The intellectual movement -- contextualism -- thus contributes two primary forces which must shape the terms of rapprochement. To approach argumentation contextually, the rapprochement will work with a dialectical tension to provide a perishable but stable vocabulary which facilitates interpretation of the argument encountered in the ongoing moments that we recognize as argument.

Dramatistic Approaches to Argument

Having embarked on a characterization of the rapprochement decreed by the contextualist roots of dramatism, I am not yet ready to launch boldly into a suitable vocabulary. Instead, I want to follow the momentum gathered by reconsidering some of the basic moves of argumentation study that a dramatistic approach to argumentation will alter. In doing so, I will generate some additional forces to bring to bear on interpretation of argument. Together they will sensitize the different approach.

Interpret argument synthetically rather than analyzing it. We have traditionally worked in argumentation theory by separating argument into component parts which we then work into named types. Dramatism treats distinctions differently. The fundamental move must be to transform distinctions which give resolution to content as they are forced together in the moment of text. This is the difference we sensed when we contrasted Ehninger and Brockriede's vocabulary to Burke's. In Ehninger and Brockriede's treatment of warrant-types, the force of the argument emerges from the character of the warrant-type and the "well-formed" argument according to our understanding of that type (Ehninger and Brockriede, ch. 10). In Burke's discussion of the pentad, the force emerges from the transformation of pentadic ratios in the text (Grammar xix). Distinctions in dramatism are always viewed as entailed in synthetic fusion. Forms in traditional formal logic are viewed as combinations of distinct categories. A synthetic argumentative study must use its vocabulary to map the ways in which context is synthesized in text to yield transformations of interpretation which have appeal.

Trace argument toward action (motive) rather than knowledge. Burke expresses this difference in an essay where he discusses the difference between knowledge and action. "Human conduct, being in the realm of action and end . . . is most directly discussable in dramatistic terms. By 'dramatistic' terms are meant those that begin in theories of action rather than theories of knowledge" (Permanence 274). We have come to view the providing of reasons as identifying things that are known from which inference may be generated to a novel claim. This is a knowledge theory: knowledge, action, and reason have their independent status apart from the argument, and argument is built by calling upon knowledge to construct reasons for action. Note 9 Theories of action work more from the relationship between context and text, the power of text to select and form, from context, the elements of "a well-rounded statement about motives" (Grammar xv). These elements are not merely selected, attitudes are built into the textualizing of them which become inextricable from their character -- context is defined by text -- their character is entailed in the act of textualization. Instead of belief and attitude about context being transferred to the text, it is transformed by the text. Synthetic argument transforms the total complex of elements merged in the interpretation.

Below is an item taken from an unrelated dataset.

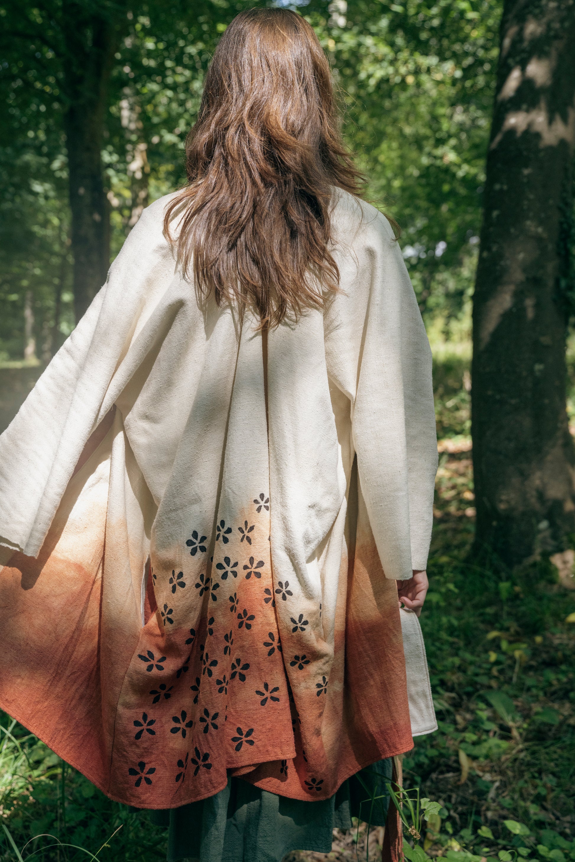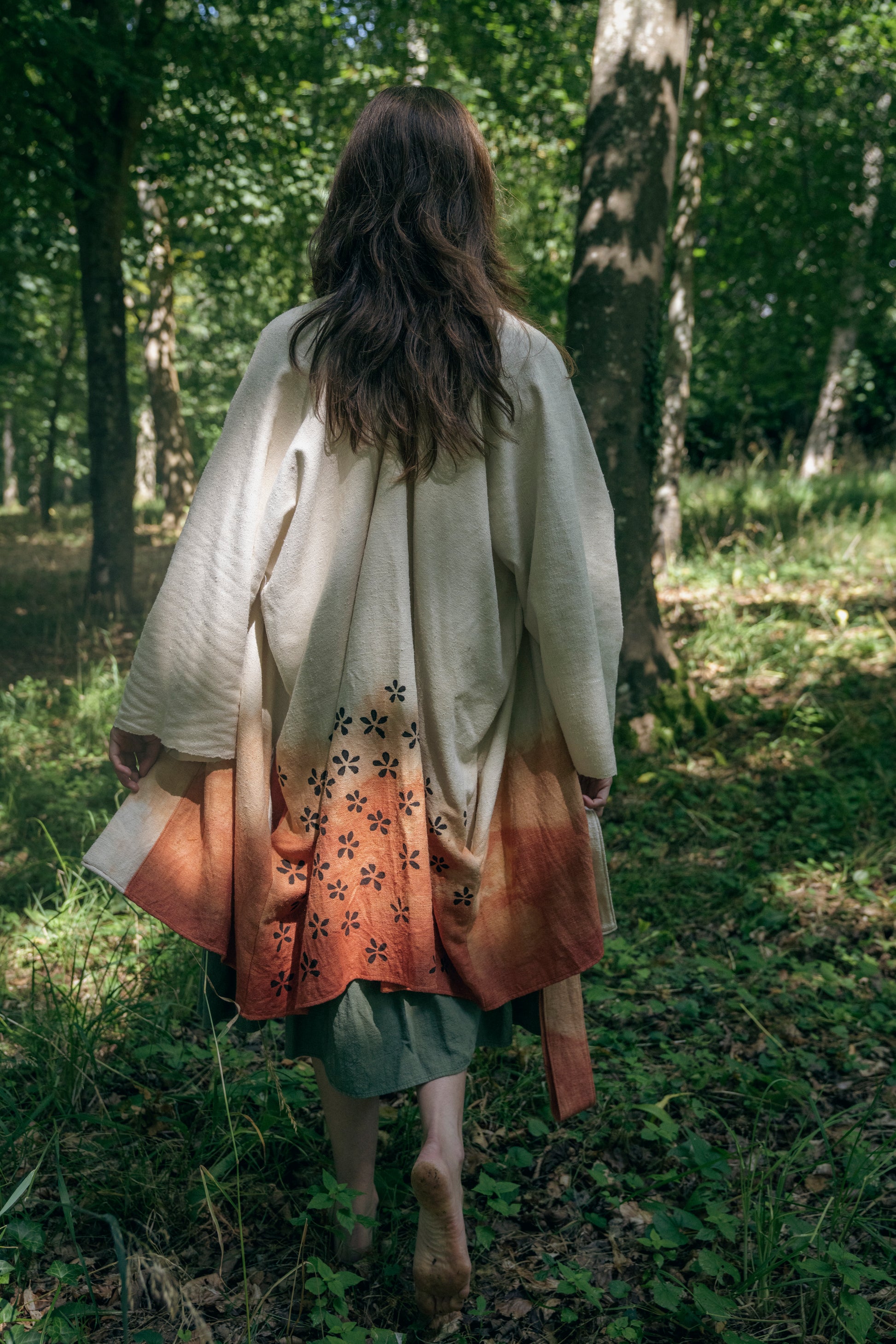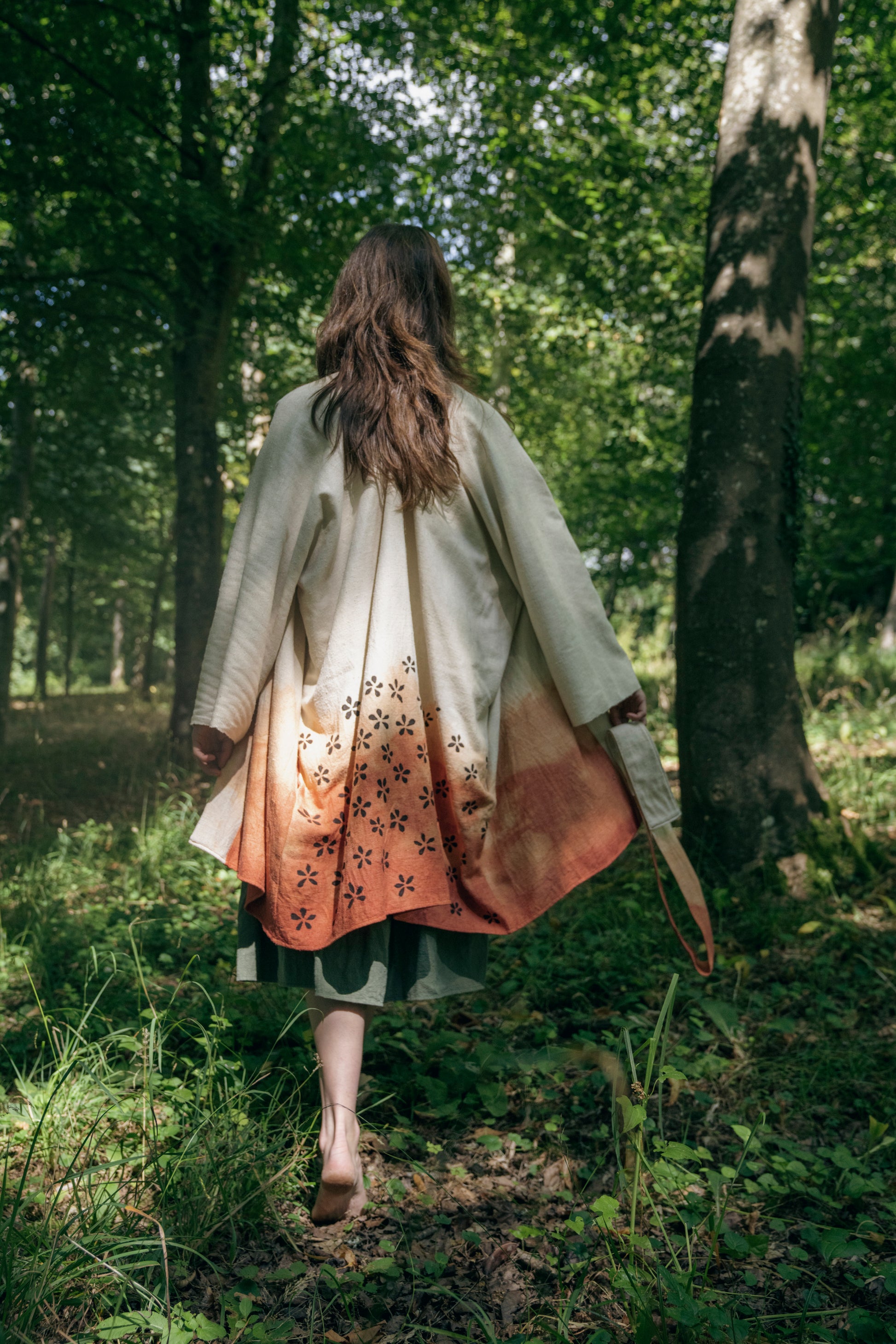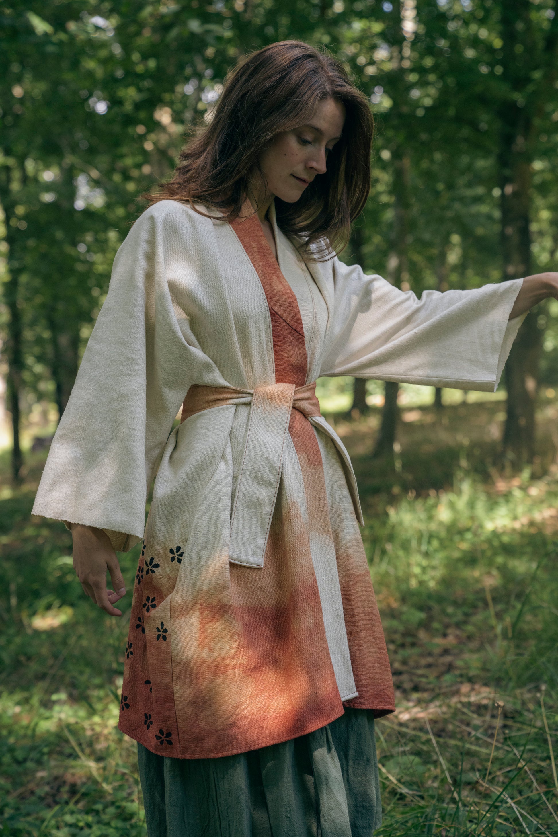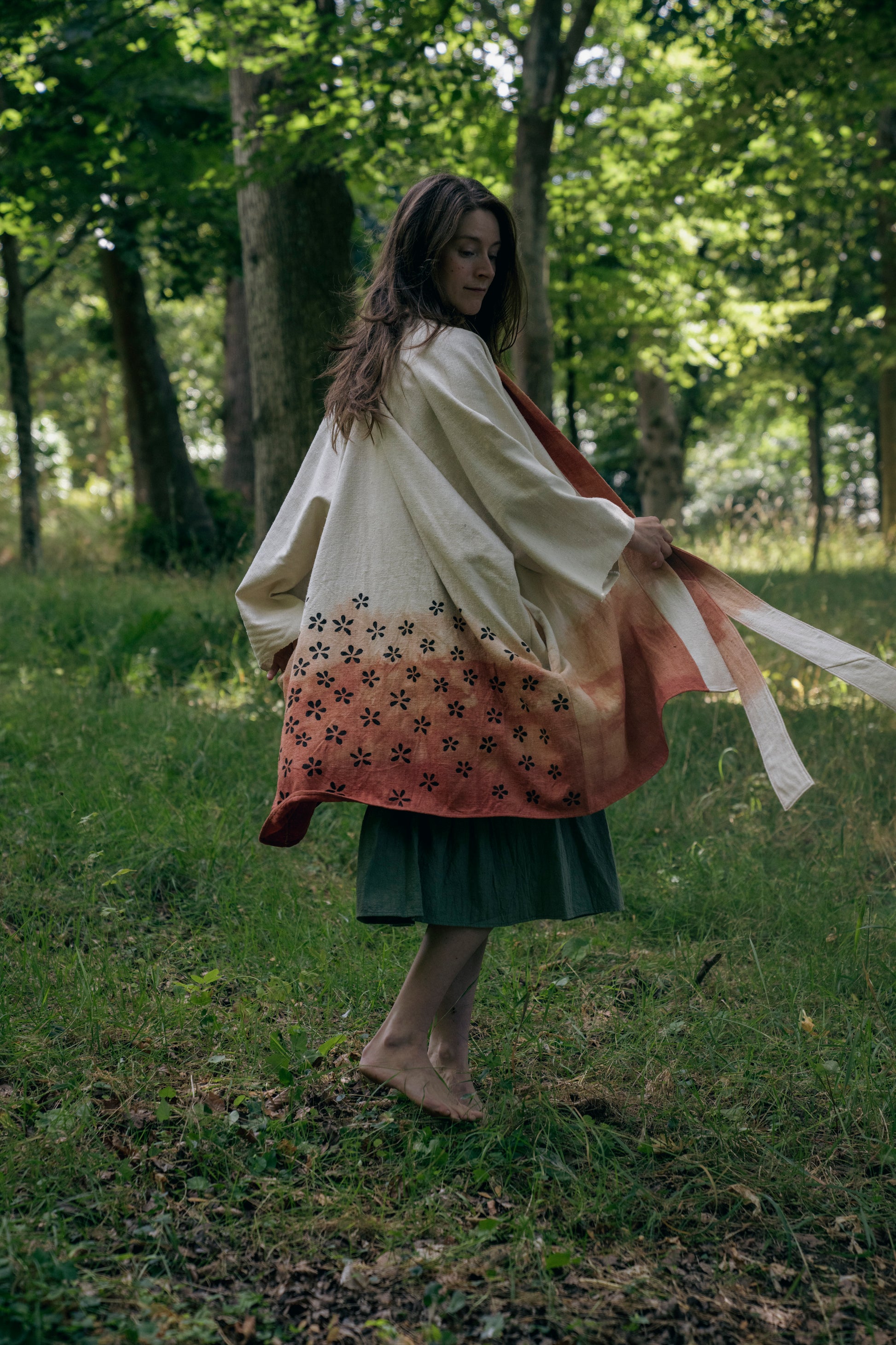 This robe is made from vintage Matka silk - a non-violent method of producing silk that does not harm the precious silk moths that produce it. This method is used by only two farms in the whole world. Making it a very rare and special material indeed (although I wish all silk was produced this way!).

Work toward critical rather than formal theory. Traditionally argumentation theory has developed accounts of argumentative form to enable subsequent invention when forms are applied to other material referents. Even mechanistic theories of argument have merely facilitated the selection of forms by applying the criterion of effectiveness as a method of selection. The traditional ideal is an arguer who can translate an understanding based in the non-rhetorical skills of material and value analysis into arguments by employing the appropriate argumentative forms.

It is, of course, this division of analysis from argumentative form that Burke rejects. Dramatism rejects the philosophical separation which is characteristic of a mediated rhetoric. Note 10 The fundamental distinction between motion and action on which Burke rests dramatism is that humans are motivated symbolically which means that meaning entails the resources of language. Strategies of language do not follow analysis and express its results in the forms of argument. Rather, strategies of language penetrate analysis and meaning emerges from the interpenetration. The power of form is the power to transform meaning.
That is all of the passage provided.